In another study involving prostate cancer, immunodeficient mice were injected with human prostate cancer cells. Mice fed a CLA enhanced diet had smaller tumors and a reduction in metastases.
CLA for Weight Loss and Muscle Building
CLA has been shown to decrease body fat content by inhibiting fat storage and reducing the amount of fat deposited in the body. In one study, researchers found that pigs fed CLA showed a reduction in fat deposits of 31%, and an increase in lean tissue formation of 25% over an eight-week period.
Using human subjects, a double-blind, randomized, placebo-controlled study, published in the December 2000 issue of the Journal of Nutrition found that CLA reduces fat and preserves muscle tissue. An average reduction of six pounds of body fat was found in the group that took CLA, compared to a placebo group. The study found that approximately 3.4 grams of CLA per day is the level needed to obtain the beneficial effects of CLA on body fat.
A research study done at the University of Wisconsin-Madison, reported in August 2000 to the American Chemical Society did not find weight loss in overweight people from use of CLA supplements. However, they did find that when the dieters stopped dieting, and gained back weight, those taking CLA "were more likely to gain muscle and not fat.''
In another study involving human subjects, those taking CLA experienced a small weight loss, about 3.5 pounds without altering their calorie intake.
Researchers also found that higher levels of CLA in the bloodstream were associated with lower levels of leptin, a hormone that is believed to control the levels of fat in the body. In the placebo group, leptin levels rose slightly. Studies have indicated that high leptin levels may have a part to play in obesity.
CLA and Diabetes
CLA is functionally similar to certain insulin sensitizers. This fact offers the possibility that CLA could be helpful in treating or preventing diabetes. Researchers discovered that CLA normalized impaired Glucose function and reduced hyperinsulinemia in diabetic rats. In a separate study conducted at Purdue University, CLA was found to improve insulin levels in about two-thirds of diabetic patients, and moderately reduced the blood glucose level and triglyceride levels.
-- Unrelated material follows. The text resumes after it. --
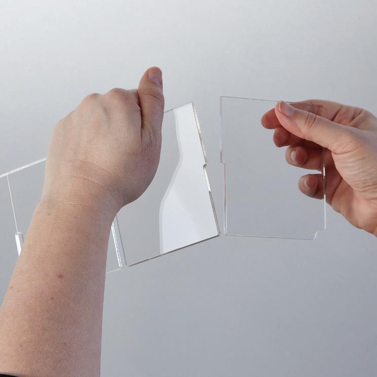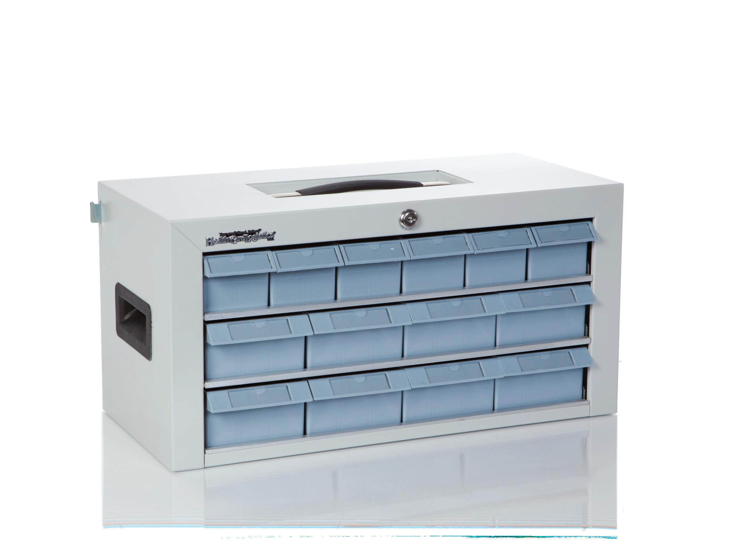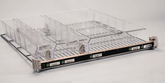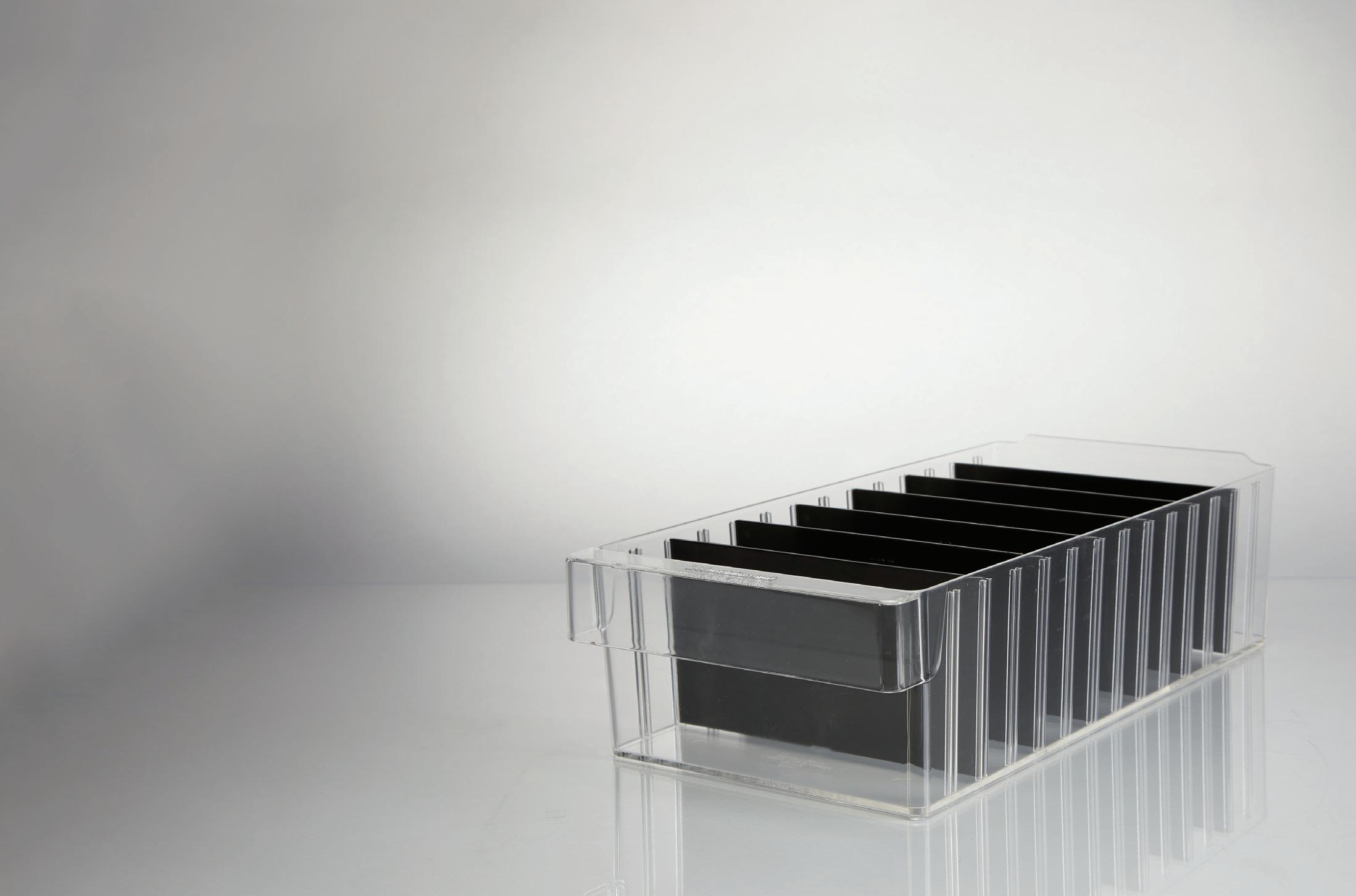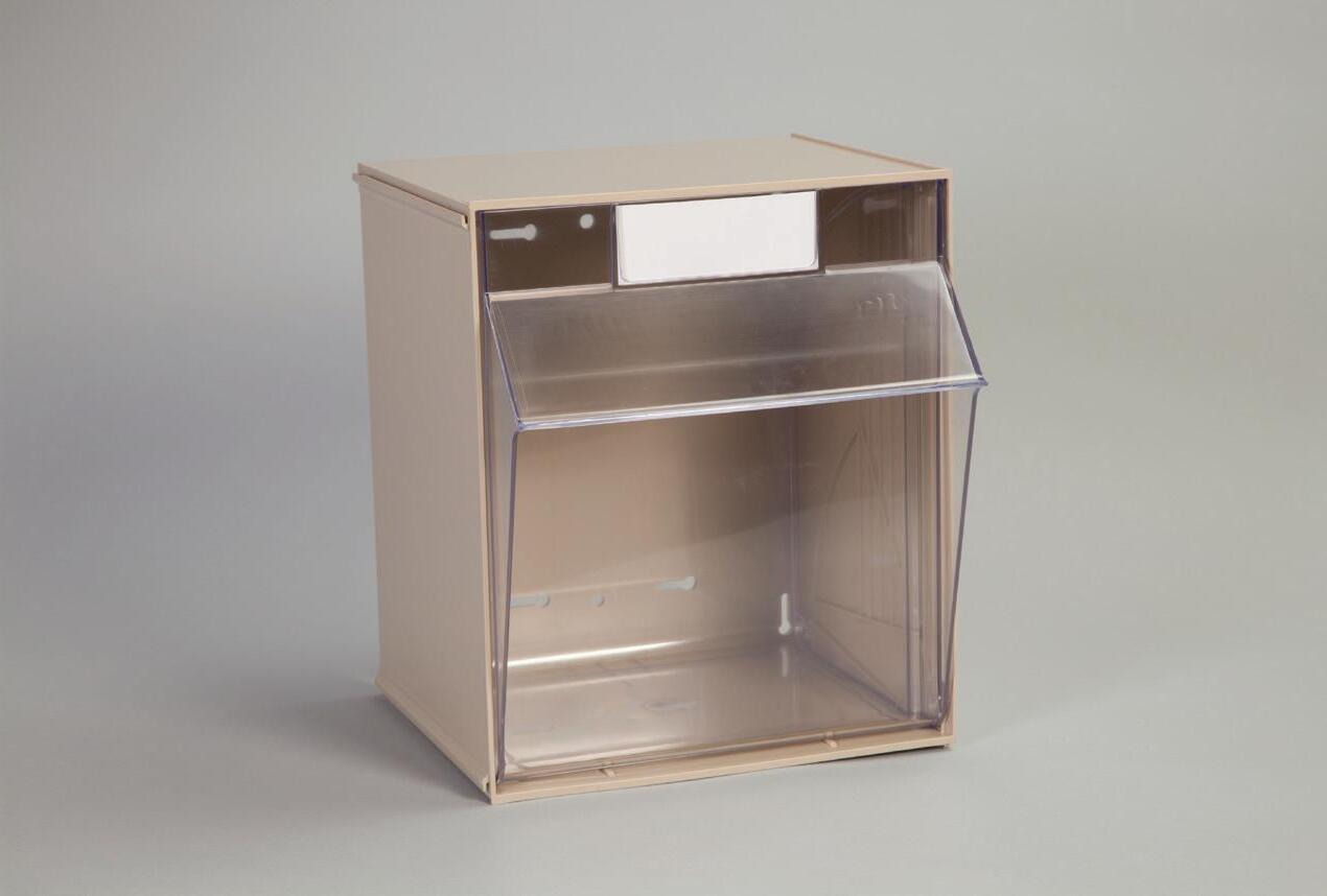 Carrying handle collapses to allow cassettes to be stacked. Built-in tension springs keep bins from falling out during transport. Protective lenses included with each bin.

Diabetics who suplemented their diet with CLA had lower body mass and lower blood sugar levels when compared to the control group.
Since the trend is to consume less of the natural sources of CLA, meat and dairy fat, taking supplements may make sense.
Studies suggest that taking 3 to 4 grams of CLA per day can improve the muscle-to-fat ratio. By contributing to a loss of body fat, particularly abdominal fat, while increasing lean tissue formation, the result can be a leaner, and thus, healthier body.
It should be emphasized again that taking CLA alone will not be an effective weight loss remedy for most individuals. When combined with a good diet and exercise plan, it will enhance the effects of your other efforts and make it easier to keep the weight off.
CLA Side Effects
So far no adverse effects or drug interactions have been reported for CLA.